Initial responses by police and administrators April 16 last year in Blacksburg prompted bitter reactions from some observers.

Among the earliest and fiercest voices was Dale Yeager, president of SERAPH, a law enforcement training organization in Pennsylvania. He argued that Tech officials who are part of an emergency policy group should be charged with obstruction of justice.

"It was a failure on many fronts but most of all by Tech administrators who required the police to follow the decisions of Tech's Policy Group when responding to a threat," Yeager said in a recent interview, reiterating thoughts he first expressed in the aftermath of April 16.

Family members of victims considering suit against the school took up Yeager's allegations; and so did the panel formed by Gov. Timothy M. Kaine to investigate the tragedy.

"The police had to await the deliberations of the Policy Group, of which they are not a member, even when minutes count," the panel report found.

"The university administration failed to notify students and staff of a dangerous situation in a timely manner," the report said.

Virginia Tech Associate Vice President Lawrence G. Hincker said in interviews that the panel report in some respects misrepresented Tech's policy on and before April 16.

"There is nothing in our policy or past operating practice that would require the [Tech police] to get permission from anyone in order to send an emergency message to the university community," he said.

What the police lacked, Hincker said, was the physical access to the alert system: the ability to push the button to actually issue an alert.

That has now changed.

Tech has installed hardware and software giving its police force for the first time the capability to unilaterally issue campuswide alerts. The same shift has been implemented in recent months at Virginia Commonwealth University.

. . .

Today, universities and colleges almost uniformly heed the "minutes count" dictate.

Police departments at Virginia Tech, VCU, the College of William and Mary, the University of Virginia, James Madison University, and Old Dominion University all have independent authority and the technical ability to issue alerts.

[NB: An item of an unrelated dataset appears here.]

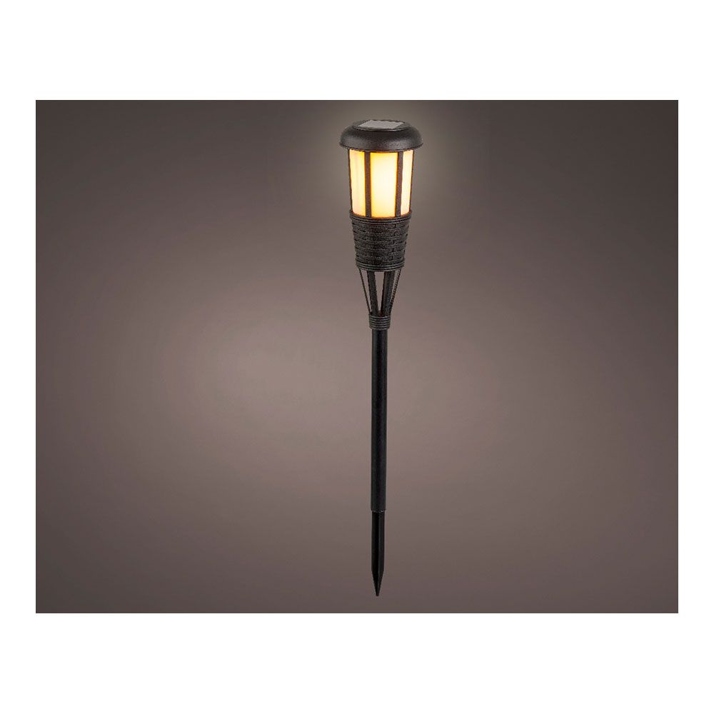ESTACA SOLAR EFECTO MIMBRE COLOR NEGRO. 12 LEDS. 61x10cm

"We came to the conclusion that in the case of an extreme threat where there are seconds to respond, you've got to conclude that being two steps removed [from enacting an alert] is not going to be quick enough," said VCU's John M. Bennett, vice president of finance.

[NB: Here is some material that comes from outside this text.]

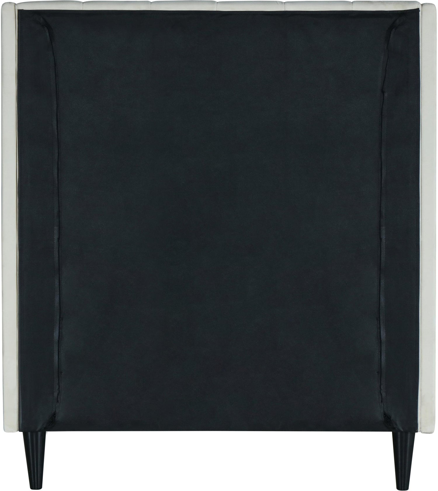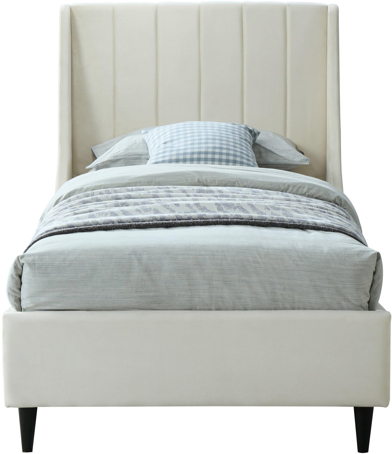 Snuggle up to a pet or other loved one in this richly upholstered Eva cream velvet twin size bed for the ultimate in rest and relaxation. The wing back headboard has cushioned vertical deep channel tufting, and both the side rails and footboard are upholstered too for your comfort. Tapered black wood legs match the upholstery and support this contemporary bed, elevating it sufficiently that you can store items underneath.

In the past, Bennett had to sign off on alerts. Now, VCU police do not have to consult him first.

VCU Police Chief Willie Turner and more than a dozen other law enforcement personnel now have authority to enact alarms and other campus alerts.

An already-formatted series of text messages has been created to address specific scenarios, from weather threats to hazardous spills to active shooters and bomb threats.

Administrators remain a key part of the alert process at all these schools; emergency management teams typically and quickly get together to oversee ongoing responses in the aftermath of the immediate police response.

Yeager is pleased with the shift to police authority but said other problems persist.

"What we are seeing is a huge focus on response," he said. "But what needs just as much attention is training and the ability to recognize a threat or troubled student before something happens."